We try to make a homeward circuit and get totally lost up there in the hills in the midday heat. Our landmarks for safe return are strange rocks and twisted trees, a sunken path, a certain hilltop ringed with white stones. These milestones shift and change from different perspectives; similar features trick us and take us clambering up false paths. We end up following circular goat tracks that end in impenetrable thickets, always convinced we can hear the river close by and will somehow overcome the banks of thorn and brushwood to find it; that one true path home.
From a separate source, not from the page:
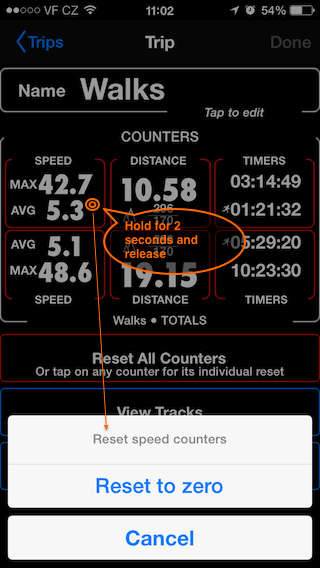 Ahora puede revisar los contadores de viajes actuales y totales y al presionar con el dedo una celda de contador específica y soltarla, obtendrá las opciones de restablecimiento de un contador en particular:

We have no water and the whole thing is slightly nightmarish though I am determined not to indulge in further dream cycles of death and rebirth. One mustn’t panic in front of the kids.

We are on the mountain for a couple of hours until we find a path that leads to the river and finally we see the Roman bridge that means safety and I nearly cry.  We make it home, bruised and scratched. It is 3pm and kids are hungry for lunch while I collapse into the hammock and pass out for hours. The kids take secret pictures of me asleep. It is a horrible sight.   

Two days later Menna looks at our water bottle as it is illuminated in a shaft of light. There, in the ‘Evian’ spring water we have been drinking all week, are tiny nematodes, long as a finger nail, furiously alive and hungry. They coil and twist like malevolent worms. I feel mixed emotions: a resurgent nausea, vindication at a bona fide parasite to blame, slightly bitter that I was the only one to fall sick. Am I now the weak member of the herd?

We don’t drink any more water from the spring and when we leave at the end of the week, Menna doses us all with her most potent antiparasitic medicine.